One September Afternoon is a 1981 jazz album by saxophonist Art Pepper playing with Stanley Cowell, Howard Roberts, Cecil McBee and Carl Burnett.

The personnel is the same as on Pepper's previous album, Winter Moon, but without the strings.

Track listing
"Mr.

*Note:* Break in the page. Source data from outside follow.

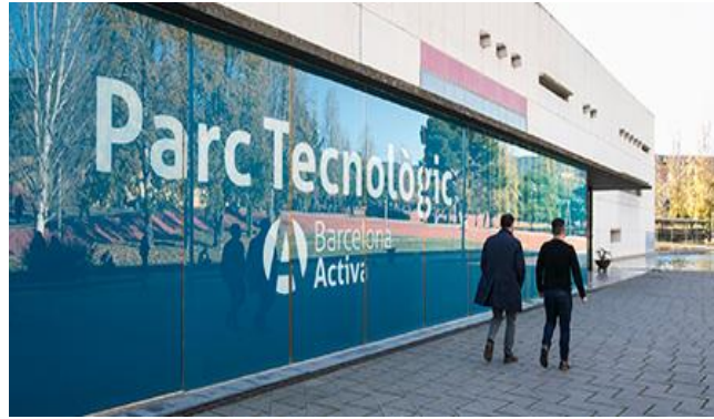
Edifici Parc Tecnològic

L'edifici està format per tres blocs A, B i C, connectats per un passadís al costat sud i un altre al costat nord.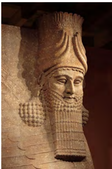
تصویر ۴ سر لاماسو

در ابتدا باید عنوان کرد که لاماسوهای کشف شده از کاخ‌های نیمرو و خراساباد به صورت بیکره‌های کامل تراز سایر نقاط به دست آمده‌اند. بیکره‌ها دارای سر شاهی یا سرفرشتگان بوده و چهار طبقه ریش بلند دارند. در بعضی از بیکره‌ها این ریش سه طبقه و در بعضی نمونه‌ها چهار طبقه است و حتی به صورت یک نیم طبقه ریش کوچک نیز در بعضی از آن‌ها اضافه شده است. که در هنر بین‌النهرین نشان از عالی‌رتبه بودن صاحب آن می‌کند. مو و ریش مصنوعی در نقوش برجسته آشوری و همین‌طور در بیکره‌ها بسیار تکرار شده است (تصویر ۴ و ۶). علاوه بر این در هنر آشوری همواره شاه را در پناه حمایت گاوهای بالدار با چهره انسانی می‌بینیم، نمی‌توان تردید داشت که این نقوش، تصویر خود پادشاه نیز بوده‌اند، که ماهیت اسرارآمیز پادشاه، عظمت او در دسترسی ناپذیری و اعتقاد محکم او به عنوان کاهنی مذهبی، را به‌طور زنده به بیننده نشان می‌داد. از زمان سارگون ۱۴ به بعد، آشوری‌ها کلاه‌گیسی با موی بافته شده به سر می‌گذاشتند که به‌طور افقی پوشاننده شانه‌ها در راست و چپ بود. و از پشت نیز به صورت یک دسته موی پرپشت مجعد دیده می‌شد. لاماسوی آشوری ملبس به جامه معمول پادشاه آشور، شال، مو و ریش است. انسان-گاوبالدار آشوری معمولاً در چهارگوشه بنا قرار داده می‌شده که به منظور ایجاد گروه تصویری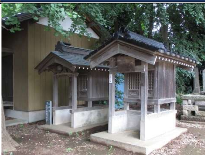
観音堂(左)、番外(中)、第13番(右)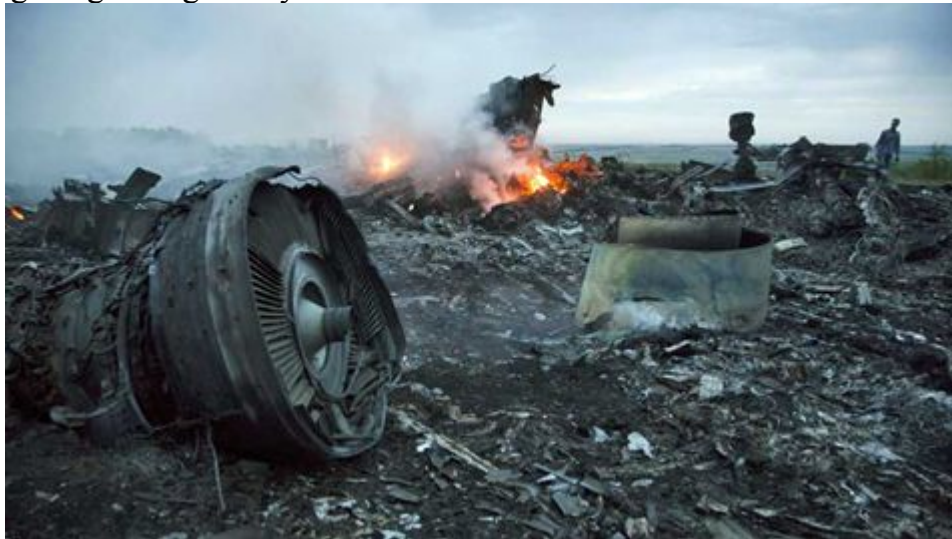
Hiện trường vụ rơi máy bay MH17 .

Tính riêng trong năm 2014, thế giới đã chứng kiến gần 20 vụ tai nạn máy bay làm hơn 1.000 người thiệt mạng và mất tích. Tiêu biểu nhất trong số đó là 2 vụ tai nạn của hãng hàng không Malaysia Airline.

Big Falls His J.G. Hand" (Art Pepper) – 6:09
"Close To You Alone" (Cecil McBee) – 6:43
"There Will Never Be Another You" (Harry Warren, Mack Gordon) – 6:09
"Melolev" (Art Pepper) – 5:27
"Goodbye, Again!" (Stanley Cowell) – 6:23
"Brazil" (Ary Barroso) – 8:30
(Recorded on 5 September 1980.)

Personnel
Art Pepper – alto saxophone
Stanley Cowell – piano
Howard Roberts – guitar (on "Mr. Big" and "Brazil" only)
Cecil McBee – bass
Carl Burnett – drums

Stanley Cowell does not play on "Brazil"; Howard Roberts adds a second guitar part.

References

Sources
Richard Cook & Brian Morton. The Penguin Guide to Jazz on CD. Penguin, 4th edition, 1998.